Have you ever eaten a “House Special” Banh Mi and wondered what was the pale bologna-esque meat filling your delicious sandwich? Well, that’s cha lua!

Lily grew up eating cha regularly in its steamed and fried form, often with a piece of bread on one side of the plate and a huge chunk of cha on the other. This week, she shows you how to make this delicious pork treat!

She’ll show you how to make the pork paste, how to steam it in banana leaves, and how to fry it into golden patties.

Cha is great with a little bit of rice, a piece of bread, or all alone! It keeps in the fridge too, so it is good to have on hand for a quick meal or late night snack (Lily and Generoso actually made small sandwiches while writing this post).


Music by Gustav Mahler, Songs of A Wayfarer.

Lily’s Shrimp-less Version of Banh Xeo


Banh xeo can be found as an appetizer in most Vietnamese restaurants. Lily has two main memories of Banh Xeo

  1. The giant banh xeo that took up an entire food tray made by a stand in a food court at the Vietnamese market/mall in Houston
  2. The hurried banh xeo made at banh xeo parties where someone was always at the stove churning out the treat and passing it to empty plates

In most translations, banh xeo is called Vietnamese crepe. Sometimes you’ll even see it described as Vietnamese pizza. Regardless of what it is called, banh xeo is a delicious dish perfect for entertaining and sharing. The coconut milk and the mung bean paste in the batter make the banh xeo batter perfectly savory, rich, and the tiniest bit sweet. Paired with lettuce, mint, and fish sauce, each bite of banh xeo has a mix of flavors, textures, and even temperatures.

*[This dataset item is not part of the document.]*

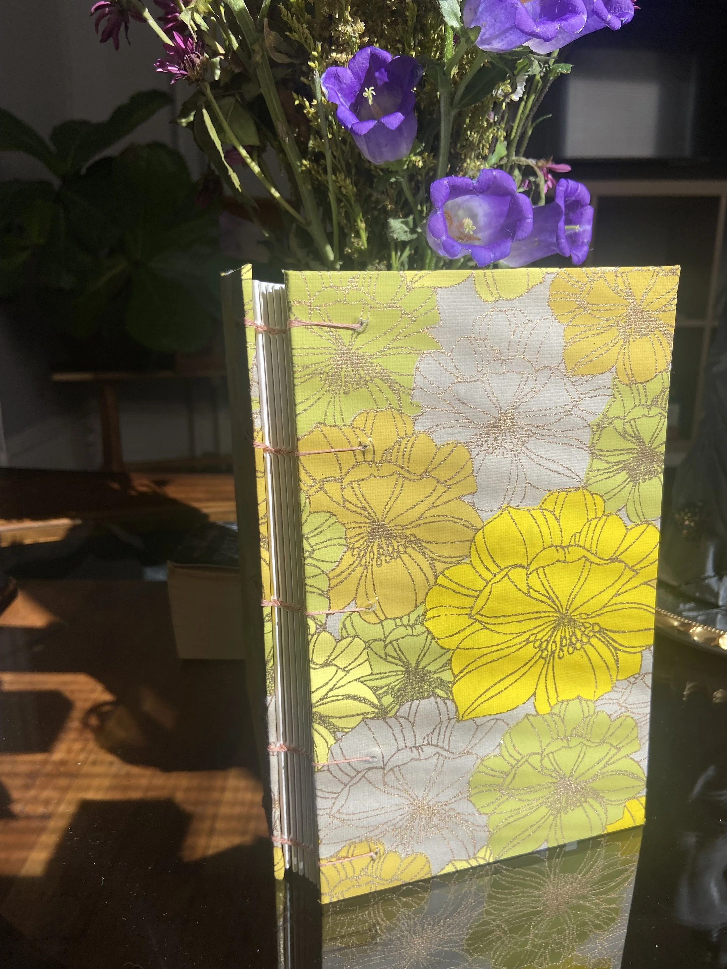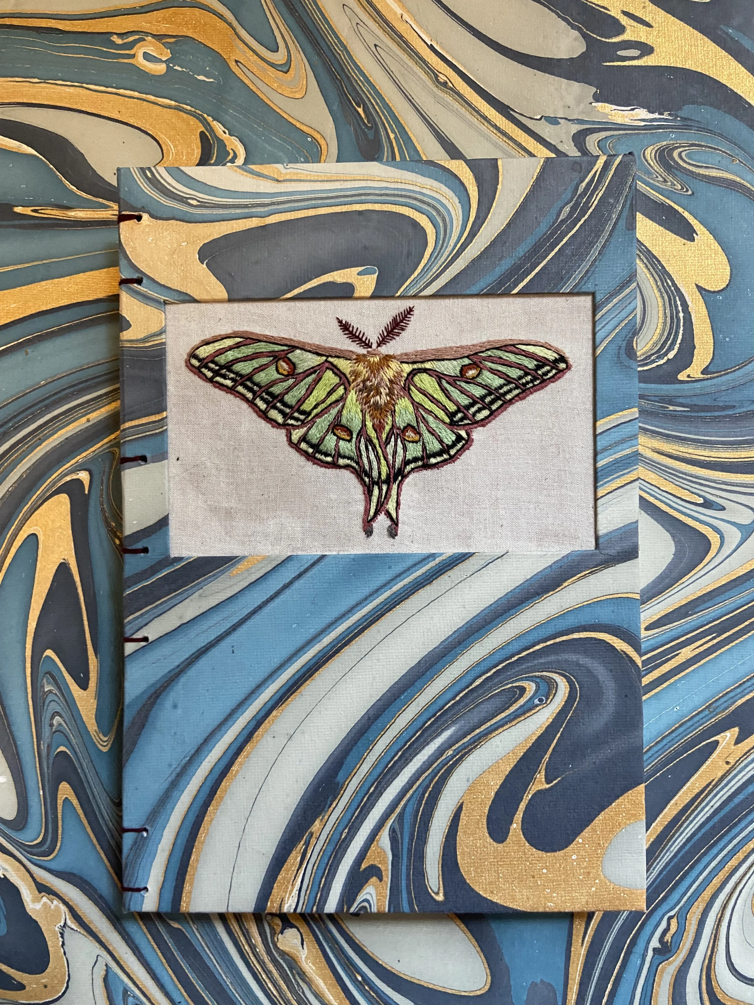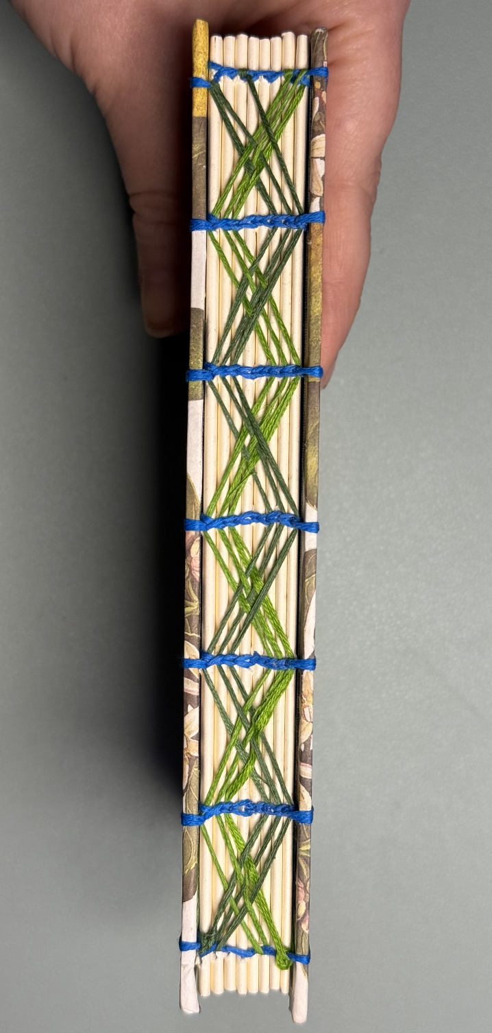 Em has explored numerous binding techniques, but favors mixing Coptic stitch with French Link. They mostly create blank sketchbooks and notebooks to support other artists and writers in their endeavors. In their downtime, Em also turns old paperback books into hardcovers, giving life to older, well-loved books. Currently, Em is attempting to learn leather binding.

There’s a good amount of preparation required for this dish, but don’t be intimidated; the cooking time is actually very short. Enjoy!

Music: Symphony no. 2 in Cm, WAB 102 by Anton Bruckner

Lily Makes Her Vietnamese/Chinese Cabbage Rolls


Lily has no idea of the origins of this dish. She simply remembers eating cabbage rolls with soup ever since she was a young child. She suspects that it is a dish completely invented from the necessity to feed a family and the availability of cabbage, ground pork, and the standard pantry of a Vietnamese-Chinese household.

In this video, she shows you how to make her version of cabbage rolls, a dish that requires a fair amount of work but is perfect for the cold winters.

Music by Karl Goldmark Symphony No. 1 “Rustic Wedding,” Opus. 26

Enjoy! Let us know how your cabbage rolls turn out!